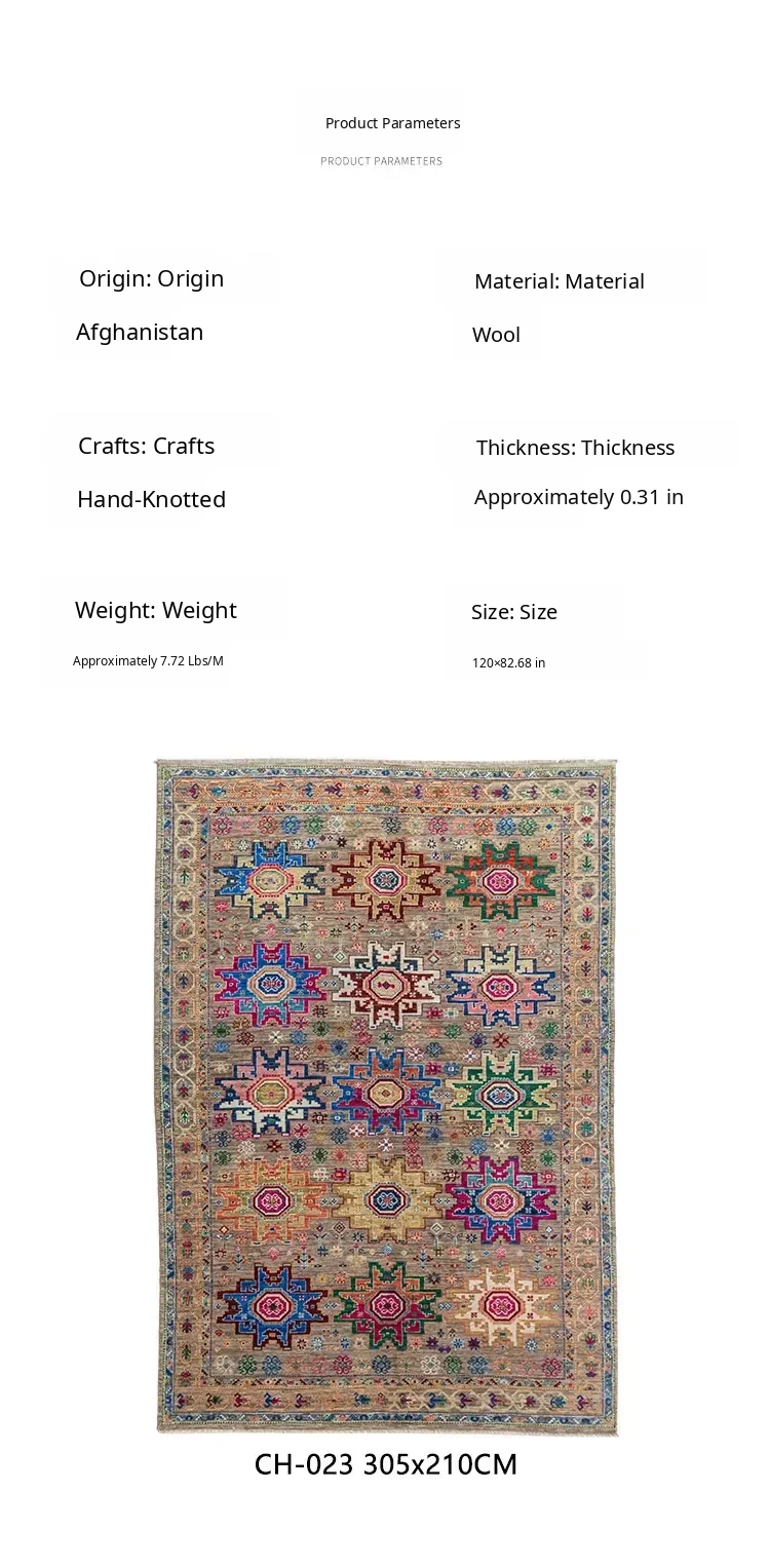 Exquisite Afghan Imported Handwoven Carpet - Premium Quality, Eco-Friendly, Formaldehyde-Free, Ideal for American Living Rooms
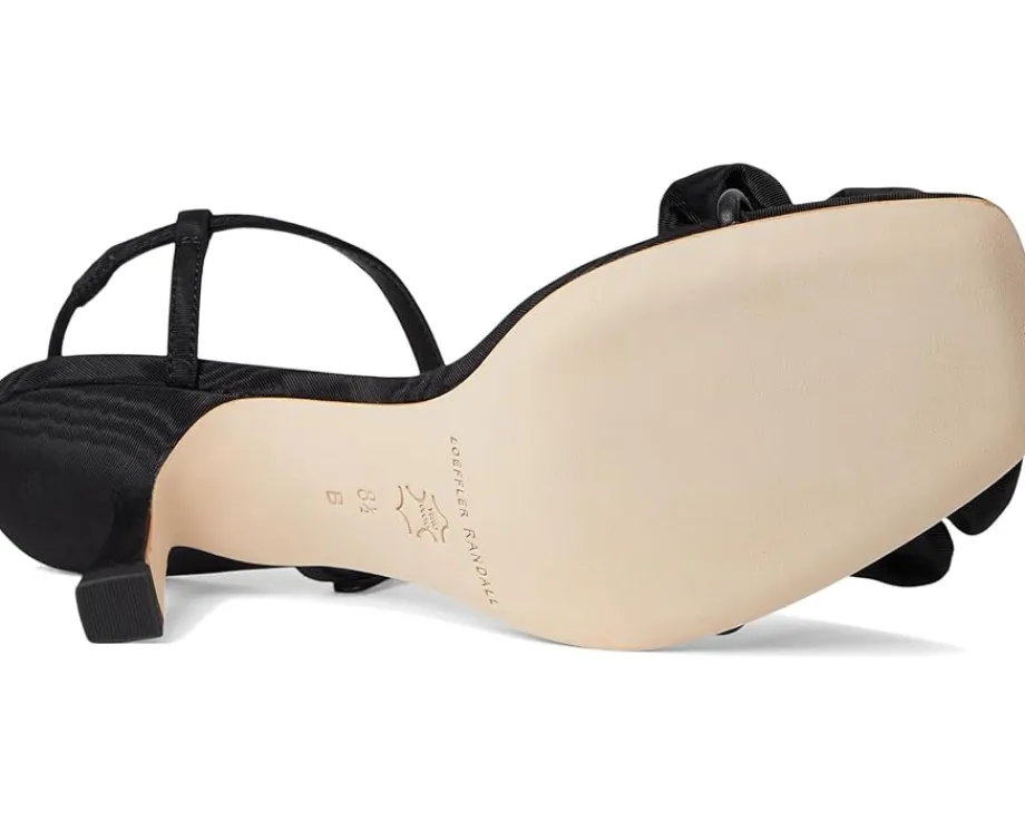 - Floral artistry, underfoot: Loeffler Randall® Frank Flower Applique Heeled Sandals: event-ready elegance. Crafted with a soft wool upper, these beauties feature a delicate floral applique that adds a whimsical, feminine touch. The buckle ankle strap ensures a secure fit, while the kitten heel delivers effortless sophistication with all-day comfort. Lined with smooth leather and cushioned with a viscose insole, these sandals offer a luxe feel with every step. Finished with a sleek leather outsole, Frank is the go-to choice for weddings, garden parties, and any occasion that calls for romance and charm.
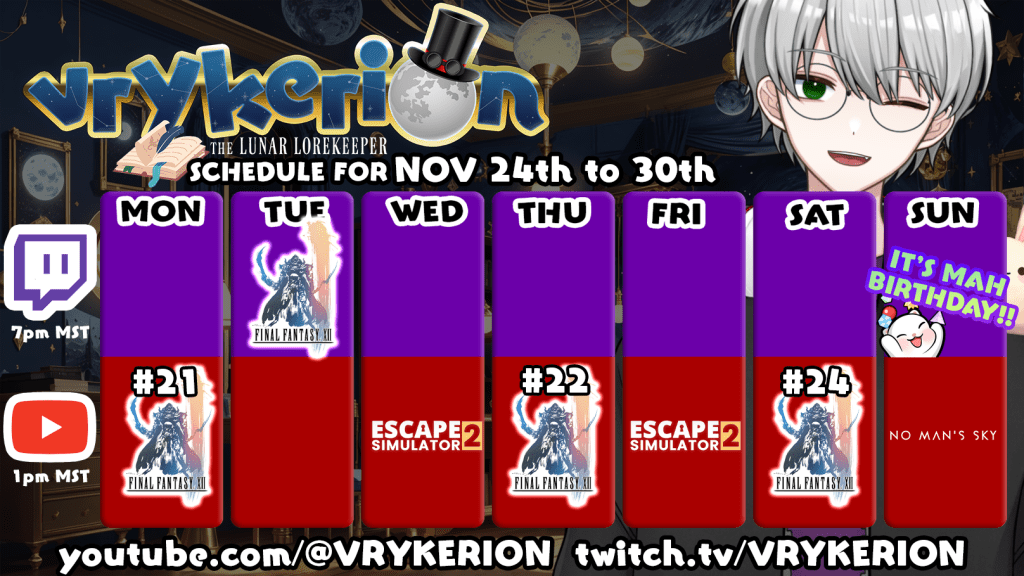 Hi! I’m Vrykerion! I am a blogger, variety streamer, and moonbunny vTuber who focuses on role-playing games and exploring the deep and weird lore there within.
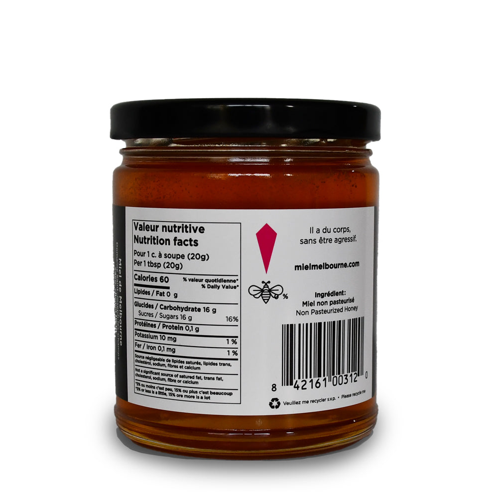 Miel De Melbourne Wildflower Honey is crafted from beehives embraced by Québec’s vibrant wild blooms, offering a naturally smooth, floral, and gently mature taste. This raw, unpasteurized honey preserves its full spectrum of natural enzymes, antioxidants, and refined floral notes for an authentic wildflower honey experience.
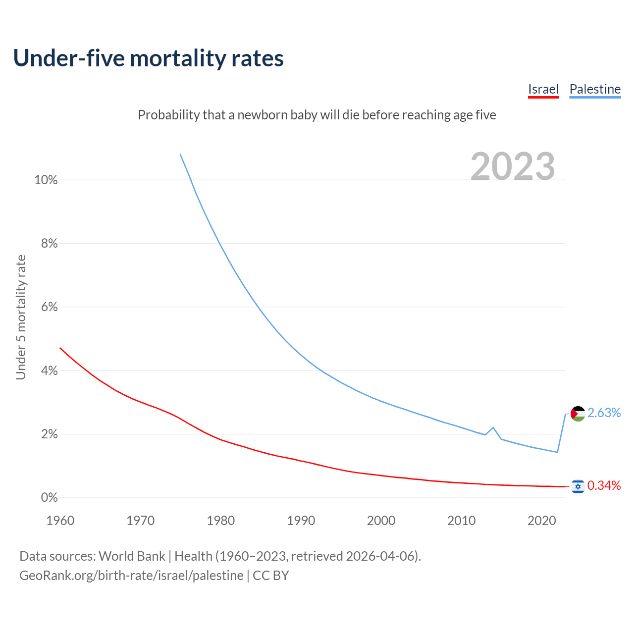 The chance that a newborn baby will die before reaching age five is 0.34% in Israel and 2.63% in Palestine. Above is a chart with historical data on under-five mortality rates.
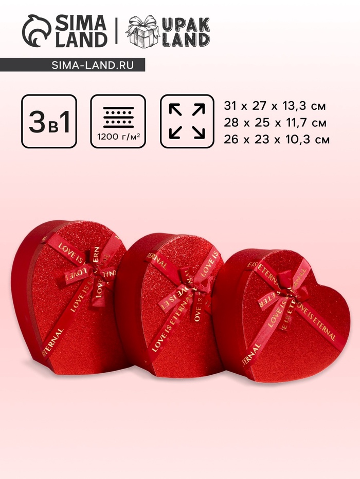 Набор коробок «Сердца» в трёх размерах — идеальный выбор для хранения и презентации ваших любимых вещей.
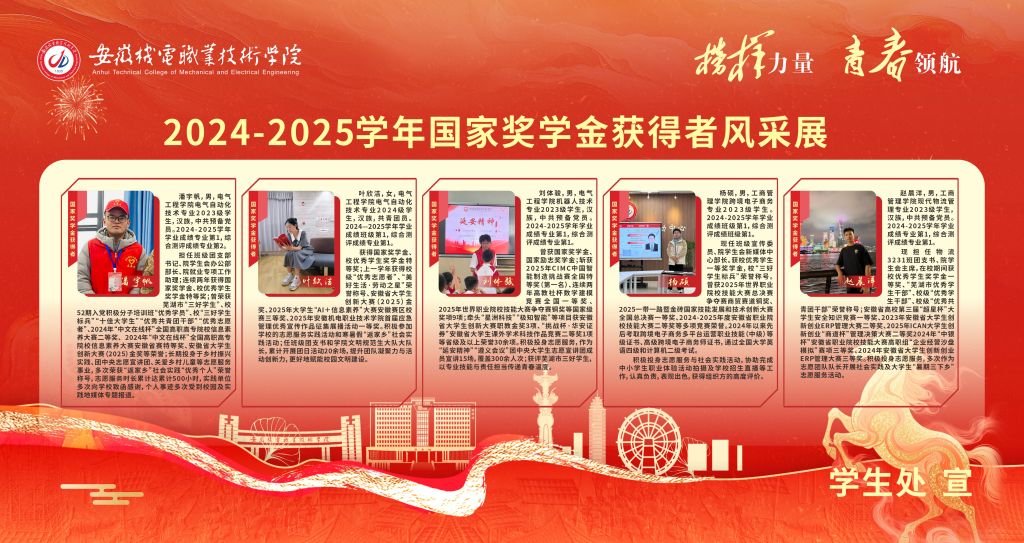 曾获国家奖学金、国家励志奖学金;斩获2025年CIMC中国智能制造挑战赛全国特等奖(第一名)、连续两年高教社杯数学建模竞赛全国一等奖、2025年世界职业院校技能大赛争夺赛铜奖等国家级奖项9项;牵头“星洲科技”“极知智能”等项目获安徽省大学生创新大赛职教金奖3项、“挑战杯·华安证券”安徽省大学生课外学术科技作品竞赛二等奖1项等省级及以上荣誉30余项。积极投身志愿服务,作为“延安精神”“遵义会议”团中央大学生志愿宣讲团成员宣讲15场,覆盖300余人次;获评芜湖市三好学生,以专业技能与责任担当传递青春温度。
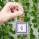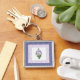 Um Chaveiro prateado muito bonito, com um motivo violeta em Pale Mauve e Green, rodeado por uma Fronteira de Bolinhas Mauve em Branco e uma outra borda de um padrão violeta floral. Parte da coleção Posh e Painterly "Sweet Violets", de uma pintura original de aquarela de Judy Adamson, esta design pode ser ajustada para ajustado qualquer chaveiro quadrado.
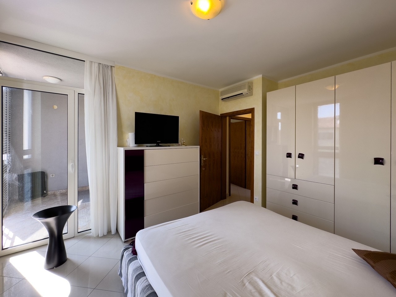 Both bedrooms and the living room have their own air conditioners.
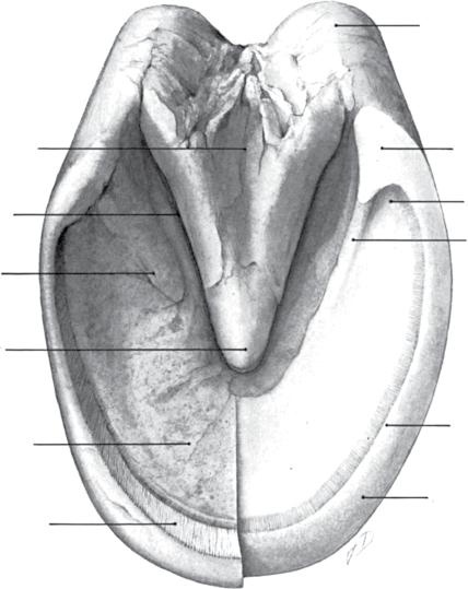The hoof is continuous with the epidermis at the coronet, and the underlying corium of the hoof is likewise continuous with the dermis of the skin. The ground surface of the hoof comprises the sole, frog, heels, bars, and ground surface of the wall (Figure 1.3). The ground surface of the forefoot is normally larger and rounder than that of the hindfoot, reflecting the corresponding shape of the distal surface of the distal phalanx (coffin bone).
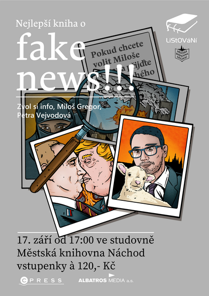Média, politici, sociální sítě - ze všech těchto zdrojů se na nás neustále valí dohady o tom, kdo, jak a proč se nás snaží dezinformovat. Co ale často opakovaná spojení fake news, dezinformace a alternativní fakta zahrnují? Jedná se o fenomén posledních let, nebo jsou tu s námi, šikovně skryté, už dlouhá staletí? Jak je možné, že fungují? Kdo a proč je vypouští? A co je hlavní, jak se proti nim můžeme bránit? Hrají Jiří Ressler a Petra Bučková, zúčastní se i jeden z autorů knihy Miloš Gregor. Vstupné 120,- Kč.
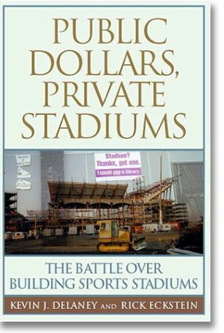 Public Dollars, Private Stadiums: The Battle over Buildning Sport Stadiums 230 sidor, hft., ill. Piscataway, NJ: Rutgers University Press 2003 ISBN 0-8135-3343-0 Alla medelstora och stora städer med självaktning vill ha en, eller helst flera, moderna sportarenor. Sportarenor betraktas av stadens politiker och beslutsfattare som flaggskepp för stadens utveckling och betydelse, och allt fler städer har därför varit mer än villiga att finansiera denna typ av anläggningar med offentliga medel. Att makthavarna ser dem som symboler för välgång behöver emellertid inte innebära att de bringar den mängd besökare, uppmärksamhet och inkomster till staden som förespråkarna lovat. Detta till trots har sportarenorna fortsatt att vara ett viktigt inslag i politikernas/makthavarnas strategier för att ge staden en bra image och locka turister och investeringar. För en kulturgeograf (som jag), med stort intresse för stadsutvecklingsfrågor, är Delaneys och Ecksteins bok relevant, eftersom den berör kulturgeografiska fenomen även om utgångspunkt tas i andra discipliner. Den smälter samman en rad ämnesfält med målsättningen att utröna hur maktspelet bakom byggandet av sportarenor finansierade med offentliga medel ser ut i USA. Författarna bygger upp boken kring några viktiga strukturbildande aspekter:

+++++

Please output, exactly as written, the lines above from the one holding "Miel De Melbourne" through the one holding "The hoof is continuous", both included, with the pictures omitted.

 Miel De Melbourne Wildflower Honey is crafted from beehives embraced by Québec’s vibrant wild blooms, offering a naturally smooth, floral, and gently mature taste. This raw, unpasteurized honey preserves its full spectrum of natural enzymes, antioxidants, and refined floral notes for an authentic wildflower honey experience.
 The chance that a newborn baby will die before reaching age five is 0.34% in Israel and 2.63% in Palestine. Above is a chart with historical data on under-five mortality rates.
 Набор коробок «Сердца» в трёх размерах — идеальный выбор для хранения и презентации ваших любимых вещей.
 曾获国家奖学金、国家励志奖学金;斩获2025年CIMC中国智能制造挑战赛全国特等奖(第一名)、连续两年高教社杯数学建模竞赛全国一等奖、2025年世界职业院校技能大赛争夺赛铜奖等国家级奖项9项;牵头“星洲科技”“极知智能”等项目获安徽省大学生创新大赛职教金奖3项、“挑战杯·华安证券”安徽省大学生课外学术科技作品竞赛二等奖1项等省级及以上荣誉30余项。积极投身志愿服务,作为“延安精神”“遵义会议”团中央大学生志愿宣讲团成员宣讲15场,覆盖300余人次;获评芜湖市三好学生,以专业技能与责任担当传递青春温度。
 Um Chaveiro prateado muito bonito, com um motivo violeta em Pale Mauve e Green, rodeado por uma Fronteira de Bolinhas Mauve em Branco e uma outra borda de um padrão violeta floral. Parte da coleção Posh e Painterly "Sweet Violets", de uma pintura original de aquarela de Judy Adamson, esta design pode ser ajustada para ajustado qualquer chaveiro quadrado.
 Both bedrooms and the living room have their own air conditioners.
The hoof is continuous with the epidermis at the coronet, and the underlying corium of the hoof is likewise continuous with the dermis of the skin. The ground surface of the hoof comprises the sole, frog, heels, bars, and ground surface of the wall (Figure 1.3). The ground surface of the forefoot is normally larger and rounder than that of the hindfoot, reflecting the corresponding shape of the distal surface of the distal phalanx (coffin bone).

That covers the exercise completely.